In this chapter, we will examine these three subsystems with particular reference to servers built according to the IA-32 (Intel® Architecture, 32-bit), often generically called x86 architecture. In particular, we will describe the most recent generation of Intel® processors compatible with the IA-32 architecture; i.e., the Intel® microarchitecture (formerly known by the codename Nehalem). 1
The Nehalem microarchitecture (see "Intel Microarchitectures" in Chapter 2, page 45) and its variation, the Westmere microarchitecture, include three families of processors that are used on the Cisco UCS: the Nehalem-EP, the Nehalem-EX, and the Westmere-EP. Table 2-1 summarizes the main characteristics of these processors.
Table 2-1. UCS Processors
Nehalem-EP |
Westmere-EP |
Nehalem-EX |
Nehalem-EX |
|
Commercial Name |
Xeon® 5500 |
Xeon® 5600 |
Xeon® 6500 |
Xeon® 7500 |
Max Sockets Supported |
2 |
2 |
2 |
8 |
Max Cores per Socket |
4 |
6 |
8 |
8 |
Max Threads per Socket |
8 |
12 |
16 |
16 |
MB Cache (Level 3) |
8 |
12 |
18 |
24 |
Max # of Memory DIMMs |
18 |
18 |
32 |
128 |
The Processor Evolution
Modern processors or CPUs (Central Processing Units) are built using the latest silicon technology and pack millions of transistors and megabytes of memory on a single die (blocks of semiconducting material that contains a processor).

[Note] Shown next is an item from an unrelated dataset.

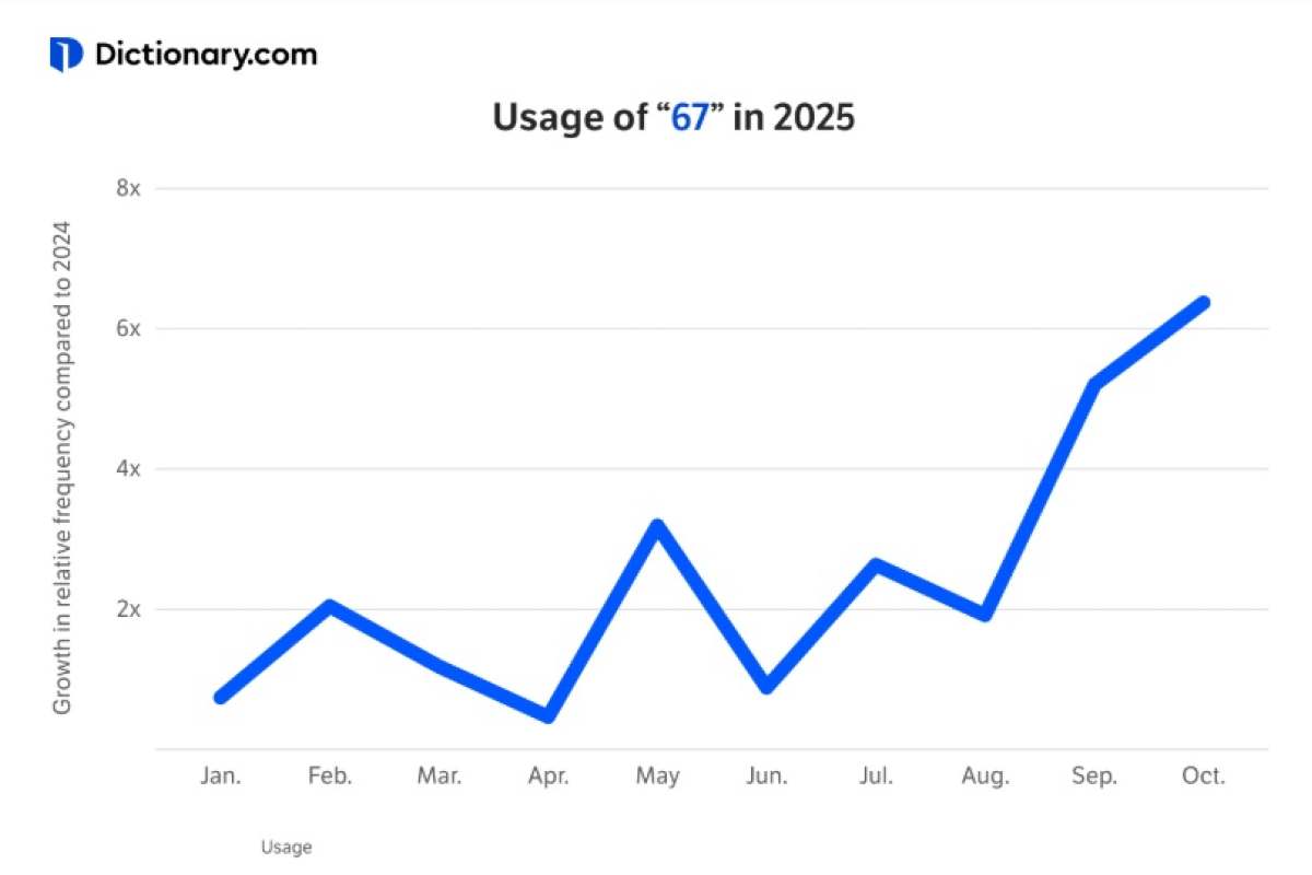 ¿La razón? El informe sobre la palabra del año dio como resultado que las búsquedas del número 67 experimentaron un gran crecimiento desde verano de 2025.

Multiple dies are fabricated together in a silicon wafer; each die is cut out individually, tested, and assembled in a ceramic package. This involves mounting the die, connecting the die pads to the pins on the package, and sealing the die.
At this point, the processor in its package is ready to be sold and mounted on servers. Figure 2-1 shows a packaged Intel® Xeon® 5500.
Figure 2-1 An Intel Xeon 5500 Processor
Sockets
Processors are installed on the motherboard using a mounting/interconnection structure known as a "socket." Figure 2-2 shows a socket used for an Intel® Processor. This allows the customers to personalize a server motherboard by installing processors with different clock speeds and power consumption,
Figure 2-2 An Intel processor socket
The number of sockets present on a server motherboard determines how many processors can be installed. Originally, servers had a single socket, but more recently, to increase server performance, 2-, 4-, and 8-socket servers have appeared on the market.
In the evolution of processor architecture, for a long period, performance improvements were strictly related to clock frequency increases. The higher the clock frequency, the shorter the time it takes to make a computation, and therefore the higher the performance.
As clock frequencies approached a few GigaHertz, it became apparent the physics involved would limit further improvement in this area. Therefore, alternative ways to increase performance had to be identified.
Cores
The constant shrinking of the transistor size (Nehalem uses a 45-nanometer technology; Westmere uses a 32-nanometer technology) has allowed the integration of millions of transistors on a single die. One way to utilize this abundance of transistors is to replicate the basic CPU (the "core") multiple times on the same die.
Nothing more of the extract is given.